§ **What you are asked to do**
Give a verbatim copy of the lines below, minus the pictures.

§ **Material provided**

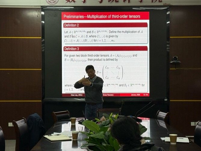 应ok138cn太阳集团529数学与统计学院和福建省粒计算及其应用重点实验室邀请,1月25日下午,杭州电子科技大学凌晨教授在砺志楼114作了题为《A metric function for dual quaternion matrices and related least-squares problems》和《Robust tensor recovery via a nonconvex approach with ket augmentation and auto-weighted strategy》的两场讲座。相关师生聆听了此次讲座,讲座由凌永辉老师主持。
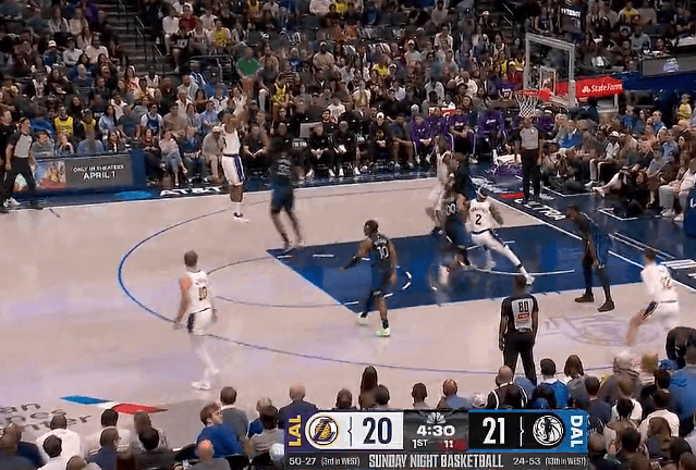 弗拉格撤步干拔三分再中砍下22分,独行侠已经领先湖人21分
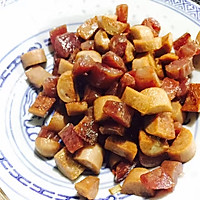 1. Cut the ham and sausage into pieces (you can cut them slightly larger to increase the texture), then fry them with a little olive oil until fragrant, and the cut surface is a little golden brown, and set aside.
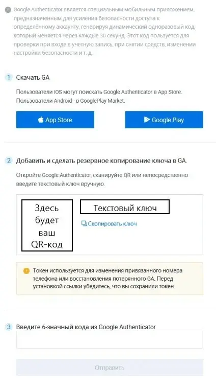После этого необходимо запустить на телефоне установленный Google Authenticator и отсканировать QR-код на странице безопасности Huobi. Затем введите 6-значный код, сгенерированный приложением в соответствующее поле, и нажмите «Отправить».

§ **Exercise output**
 应ok138cn太阳集团529数学与统计学院和福建省粒计算及其应用重点实验室邀请,1月25日下午,杭州电子科技大学凌晨教授在砺志楼114作了题为《A metric function for dual quaternion matrices and related least-squares problems》和《Robust tensor recovery via a nonconvex approach with ket augmentation and auto-weighted strategy》的两场讲座。相关师生聆听了此次讲座,讲座由凌永辉老师主持。
 弗拉格撤步干拔三分再中砍下22分,独行侠已经领先湖人21分
 1. Cut the ham and sausage into pieces (you can cut them slightly larger to increase the texture), then fry them with a little olive oil until fragrant, and the cut surface is a little golden brown, and set aside.
После этого необходимо запустить на телефоне установленный Google Authenticator и отсканировать QR-код на странице безопасности Huobi. Затем введите 6-значный код, сгенерированный приложением в соответствующее поле, и нажмите «Отправить».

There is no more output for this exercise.